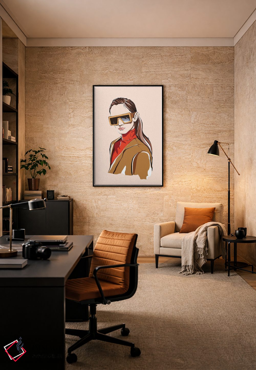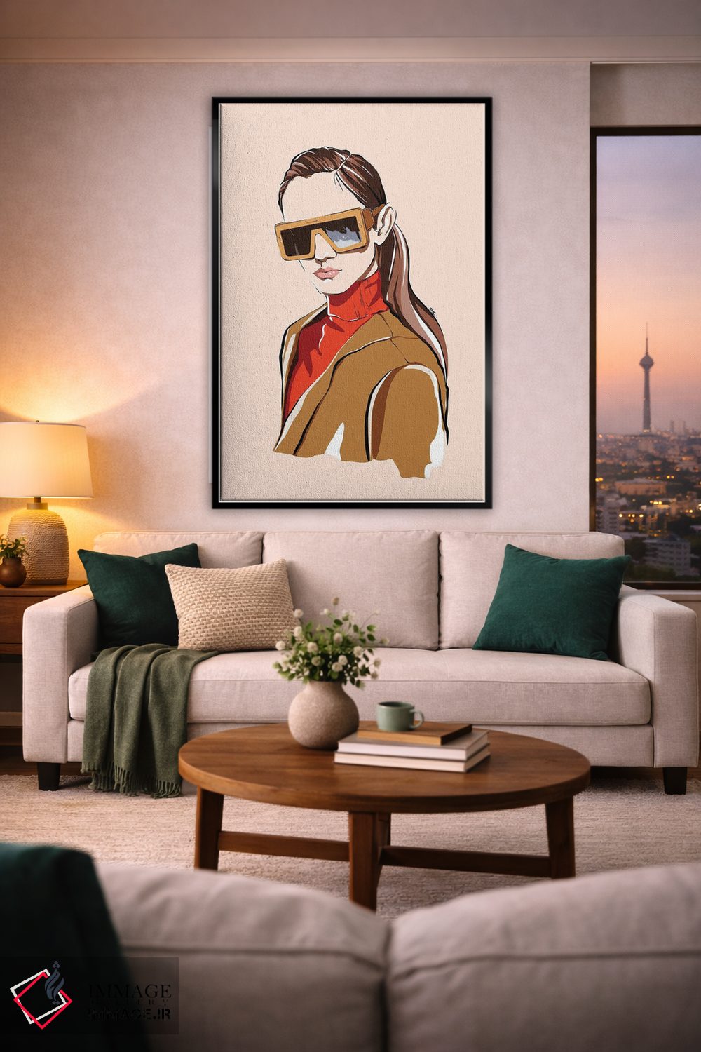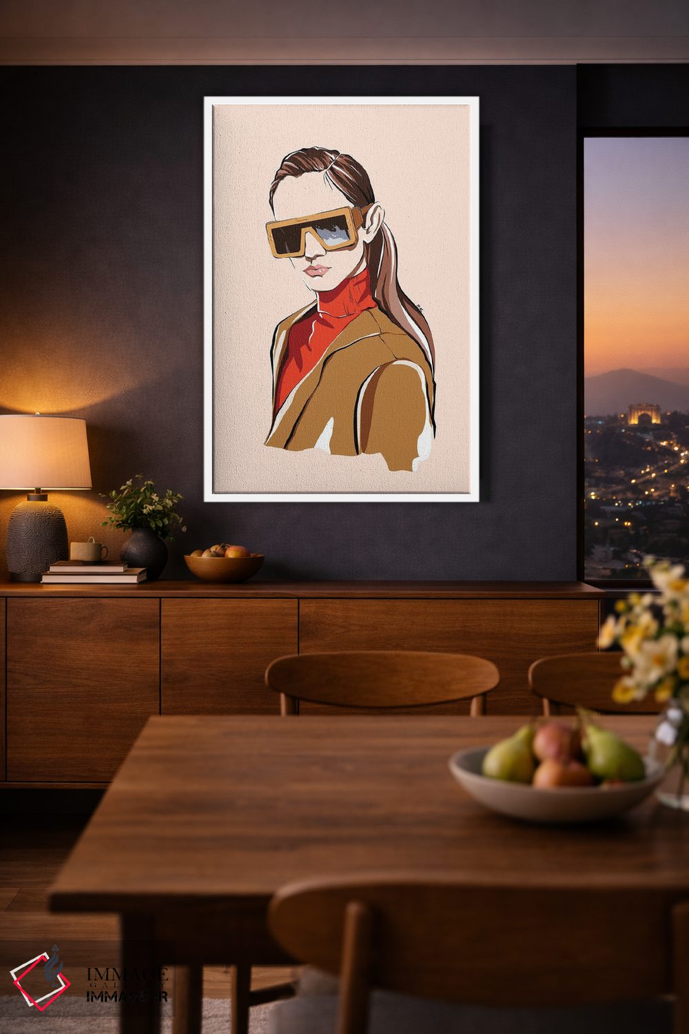 براساس پالت گرم اثر، قاب بلوط روشن (چوبی) پیشنهاد اول است و استخوانی ملایم مکمل. برای سفارشهای پروژهای با ابعاد و قابهای اختصاصی با ایماژ در تماس باشید.
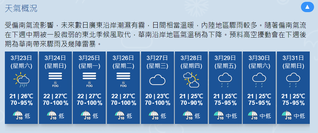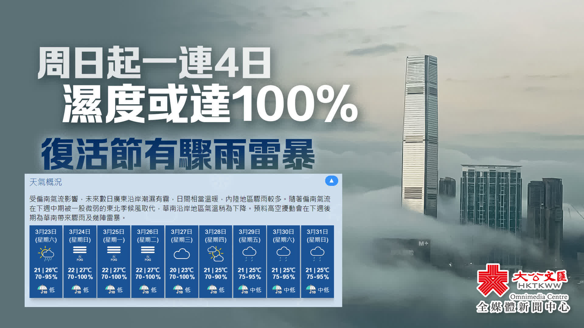 大公文匯全媒體報道,受偏南氣流影響,未來數日廣東沿岸潮濕有霧,日間相當溫暖,內陸地區驟雨較多。天文台今日(22日)預料,自周日(24日)起一連4日濕度均有機會達100%。而高空擾動則會在復活節假期間(30至31日)為本港帶來幾陣驟雨、局部地區有雷暴。
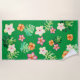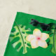 Vous aurez toujours l'impression d'être sous les tropiques avec une serviette de plage à imprimé tropical. Ce design est orné de feuilles verdoyants et de fleurs colorées disposées sur un arrière - plan vert foncé.
• • • •
Exercise aim: Give back the full listing verbatim, skipping each picture.

Response:
 براساس پالت گرم اثر، قاب بلوط روشن (چوبی) پیشنهاد اول است و استخوانی ملایم مکمل. برای سفارشهای پروژهای با ابعاد و قابهای اختصاصی با ایماژ در تماس باشید.
 大公文匯全媒體報道,受偏南氣流影響,未來數日廣東沿岸潮濕有霧,日間相當溫暖,內陸地區驟雨較多。天文台今日(22日)預料,自周日(24日)起一連4日濕度均有機會達100%。而高空擾動則會在復活節假期間(30至31日)為本港帶來幾陣驟雨、局部地區有雷暴。
 Vous aurez toujours l'impression d'être sous les tropiques avec une serviette de plage à imprimé tropical. Ce design est orné de feuilles verdoyants et de fleurs colorées disposées sur un arrière - plan vert foncé.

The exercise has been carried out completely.